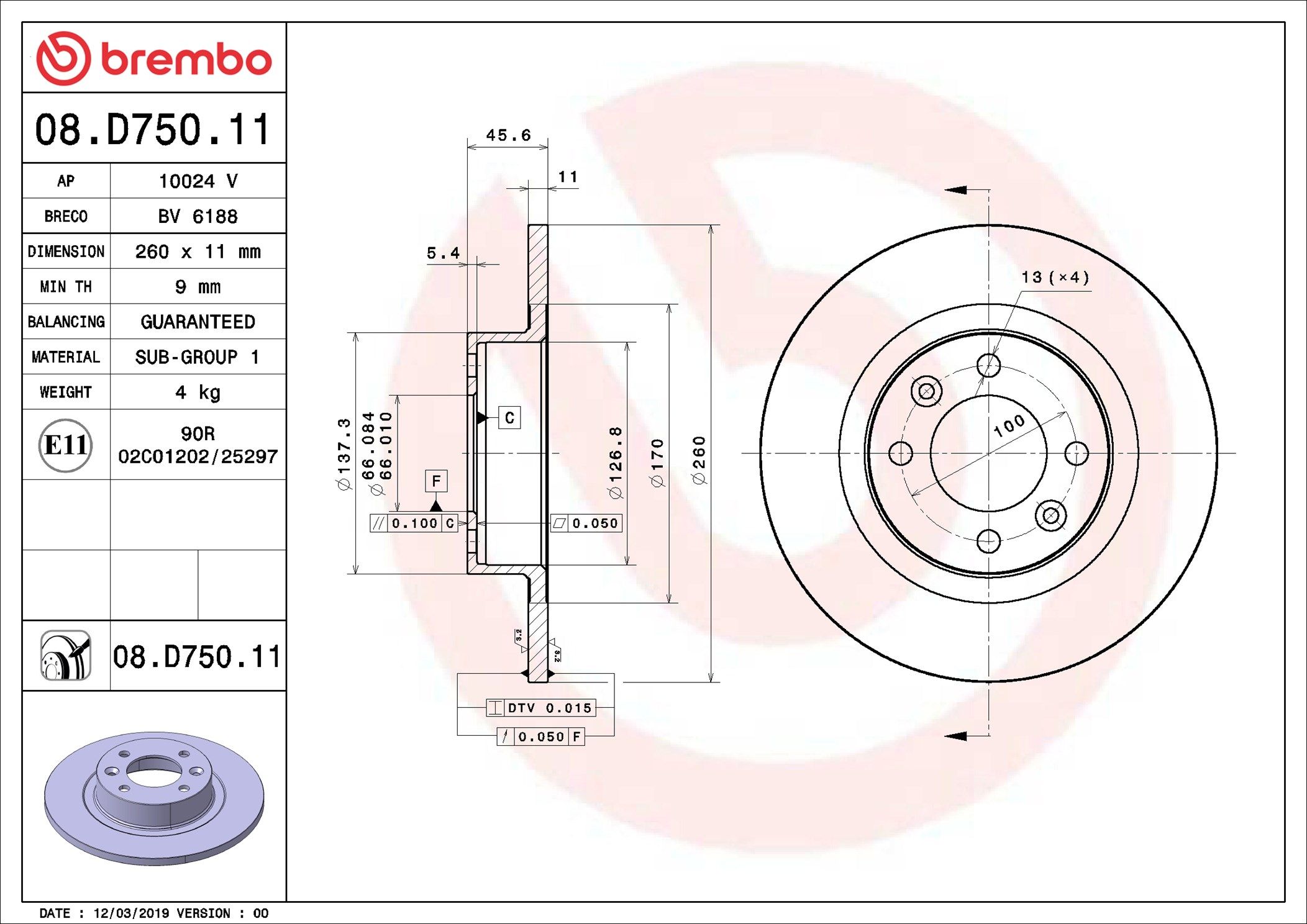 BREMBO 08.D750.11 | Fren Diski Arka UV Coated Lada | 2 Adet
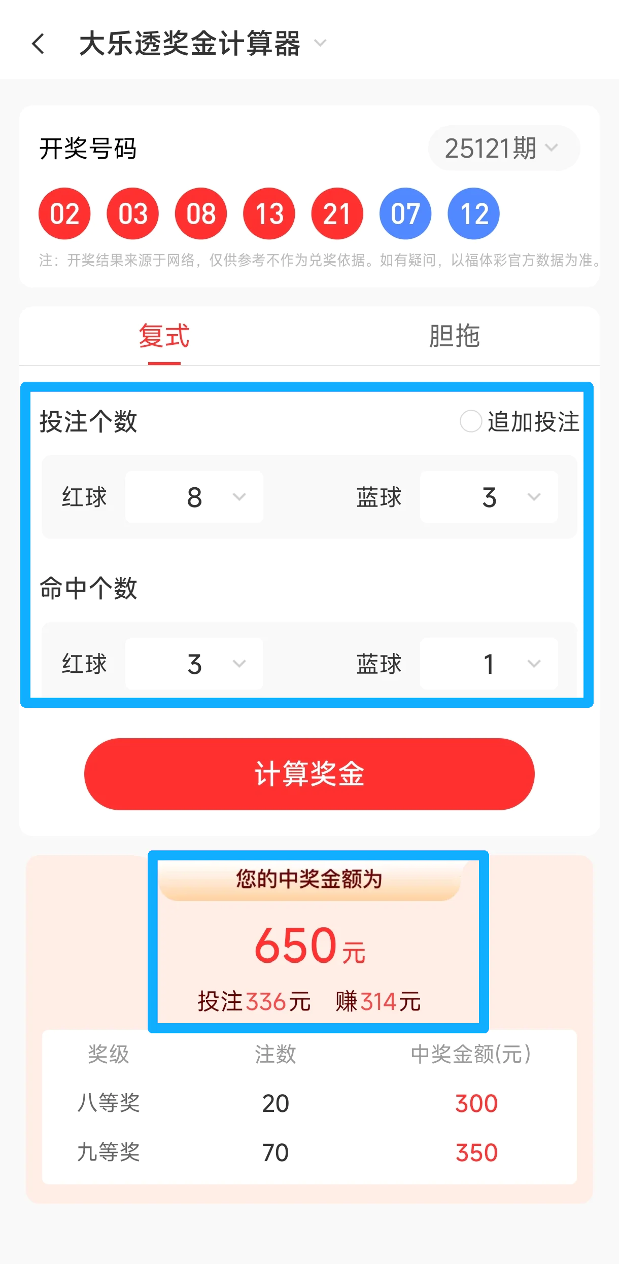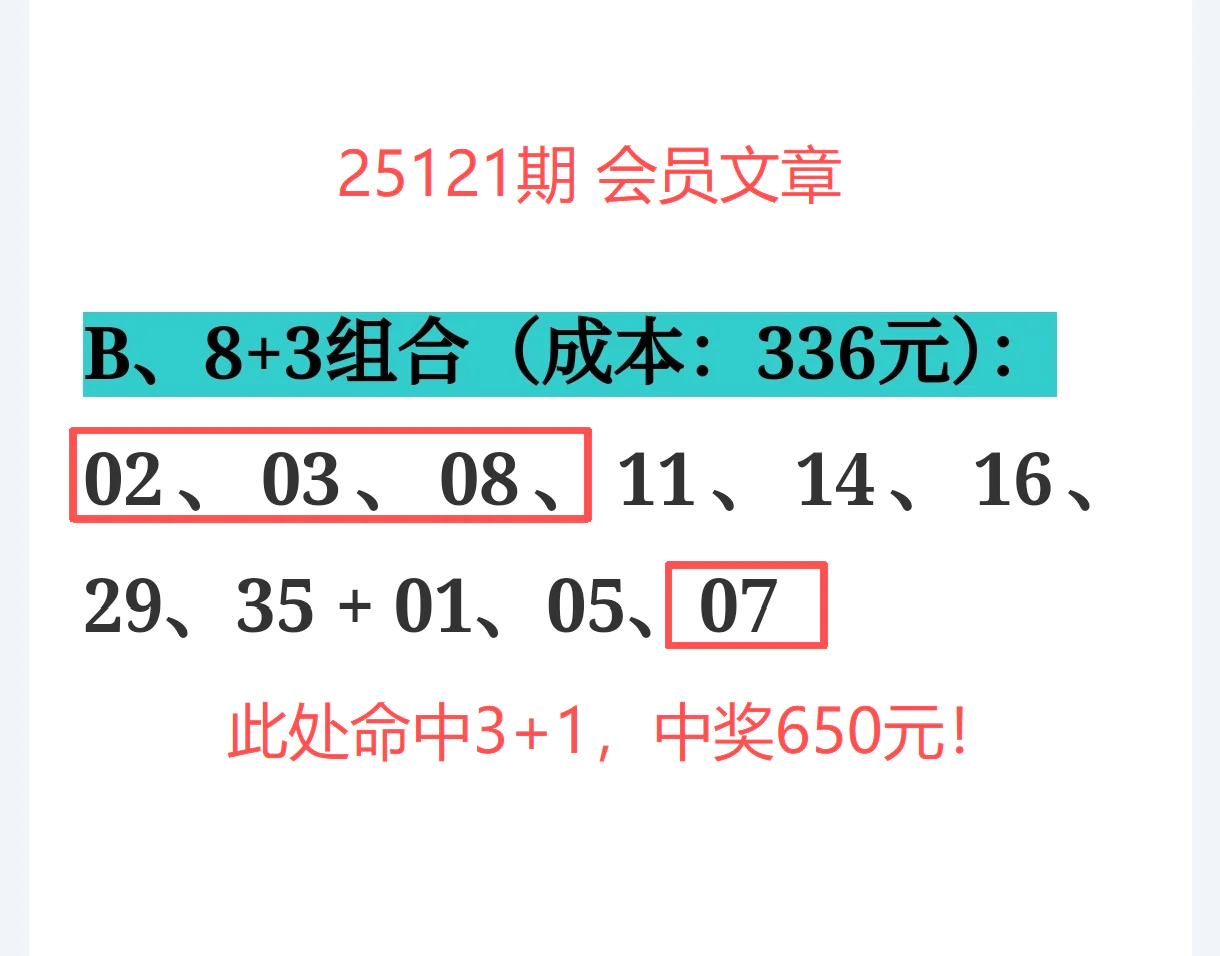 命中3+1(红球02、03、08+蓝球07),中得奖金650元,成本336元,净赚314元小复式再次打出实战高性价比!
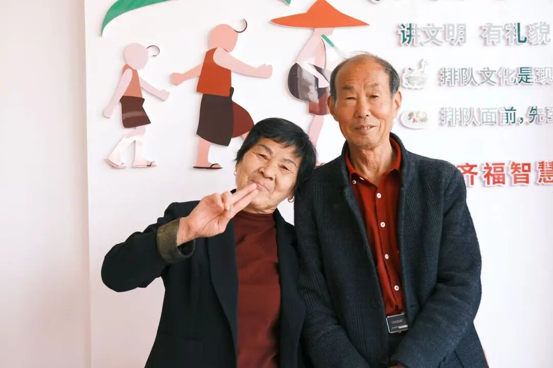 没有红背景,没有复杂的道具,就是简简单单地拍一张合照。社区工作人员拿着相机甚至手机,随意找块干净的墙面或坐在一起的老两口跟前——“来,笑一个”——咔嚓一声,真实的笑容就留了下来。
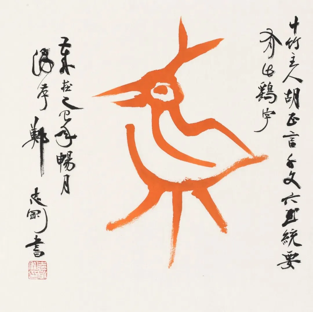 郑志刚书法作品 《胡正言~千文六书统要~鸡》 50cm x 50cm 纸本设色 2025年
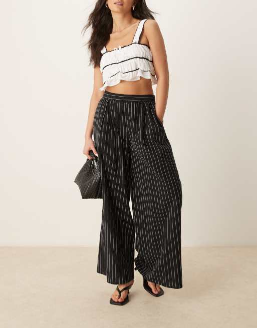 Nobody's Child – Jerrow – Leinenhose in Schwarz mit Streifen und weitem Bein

▶ _DIRECTIONS FOR THIS TASK_: For this exercise, retype the data above exactly and skip every image.

▶ _TASK OUTPUT_:
 BREMBO 08.D750.11 | Fren Diski Arka UV Coated Lada | 2 Adet
 命中3+1(红球02、03、08+蓝球07),中得奖金650元,成本336元,净赚314元小复式再次打出实战高性价比!
 没有红背景,没有复杂的道具,就是简简单单地拍一张合照。社区工作人员拿着相机甚至手机,随意找块干净的墙面或坐在一起的老两口跟前——“来,笑一个”——咔嚓一声,真实的笑容就留了下来。
 郑志刚书法作品 《胡正言~千文六书统要~鸡》 50cm x 50cm 纸本设色 2025年
 Nobody's Child – Jerrow – Leinenhose in Schwarz mit Streifen und weitem Bein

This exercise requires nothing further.